**Dataset extract:**
_ _ _ _ _

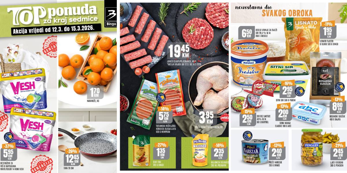 Najveći domaći lanac u svojoj „TOP ponudi“ fokus stavlja na svježe narandže (1,70 KM) i pileće batake (3,95 KM), što je izvrsna opcija za laganiji obrok. Pored hrane, Bingo nudi i tavu od 28 cm za 12,45 KM, pa ako je staroj vrijeme za zamjenu, sada je trenutak. Za brzi doručak, tu su sirni namazi i mliječni dodaci po cijenama već od 2,00 KM.
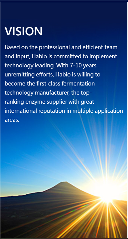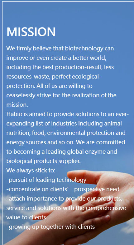 Habio is een globale pionier in enzymonderzoek sinds zijn verwezenlijking in 2002 geweest. Het bedrijf werd opgericht door een diverse groep deskundigen in biologisch en diervoeding. Bij de kern van ons technisch team is M. Yang Tao, de van wie visie om een internationaal enzymbedrijf te creëren in succes van de de wereld het belangrijke industrie van Habio vandaag heeft geresulteerd.
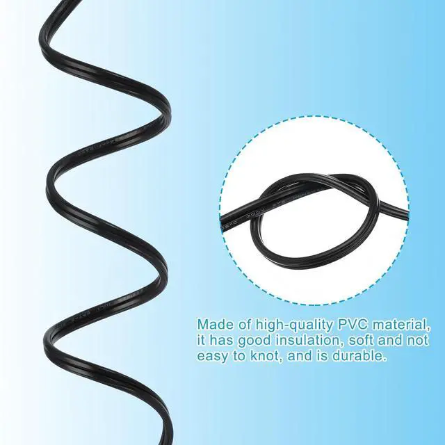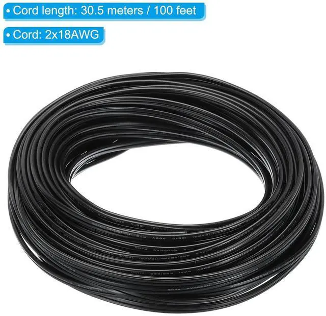 Specification: Material: PVC, Copper; Color: Black; Power Cord: 2x18AWG; Voltage: 300V; Rated temperature: -20 to 105; Wire outer diameter: 3.4 x 6.7 mm/ 0.13 x 0.26 inch; Wire Length: 30.5 meters/ 100 feet; Packing list: 1 roll of PVC covered wire
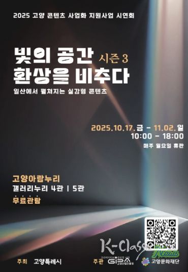 K-Classic News 기자 | 고양산업진흥원이 고양아람누리 갤러리누리에서 실감형 콘텐츠 전시 ‘빛의 공간 환상을 비추다 시즌3’를 선보이고 있다. 지난 17일부터 시작된 전시는 11월 2일까지 갤러리누리 4관과 5관에서 운영되며, 누구나 무료로 관람이 가능하다.

_ _ _ _ _

**Assignment:** Each line above should be returned exactly as written, apart from any pictures.

**Output below:**
 Najveći domaći lanac u svojoj „TOP ponudi“ fokus stavlja na svježe narandže (1,70 KM) i pileće batake (3,95 KM), što je izvrsna opcija za laganiji obrok. Pored hrane, Bingo nudi i tavu od 28 cm za 12,45 KM, pa ako je staroj vrijeme za zamjenu, sada je trenutak. Za brzi doručak, tu su sirni namazi i mliječni dodaci po cijenama već od 2,00 KM.
 Habio is een globale pionier in enzymonderzoek sinds zijn verwezenlijking in 2002 geweest. Het bedrijf werd opgericht door een diverse groep deskundigen in biologisch en diervoeding. Bij de kern van ons technisch team is M. Yang Tao, de van wie visie om een internationaal enzymbedrijf te creëren in succes van de de wereld het belangrijke industrie van Habio vandaag heeft geresulteerd.
 Specification: Material: PVC, Copper; Color: Black; Power Cord: 2x18AWG; Voltage: 300V; Rated temperature: -20 to 105; Wire outer diameter: 3.4 x 6.7 mm/ 0.13 x 0.26 inch; Wire Length: 30.5 meters/ 100 feet; Packing list: 1 roll of PVC covered wire
 K-Classic News 기자 | 고양산업진흥원이 고양아람누리 갤러리누리에서 실감형 콘텐츠 전시 ‘빛의 공간 환상을 비추다 시즌3’를 선보이고 있다. 지난 17일부터 시작된 전시는 11월 2일까지 갤러리누리 4관과 5관에서 운영되며, 누구나 무료로 관람이 가능하다.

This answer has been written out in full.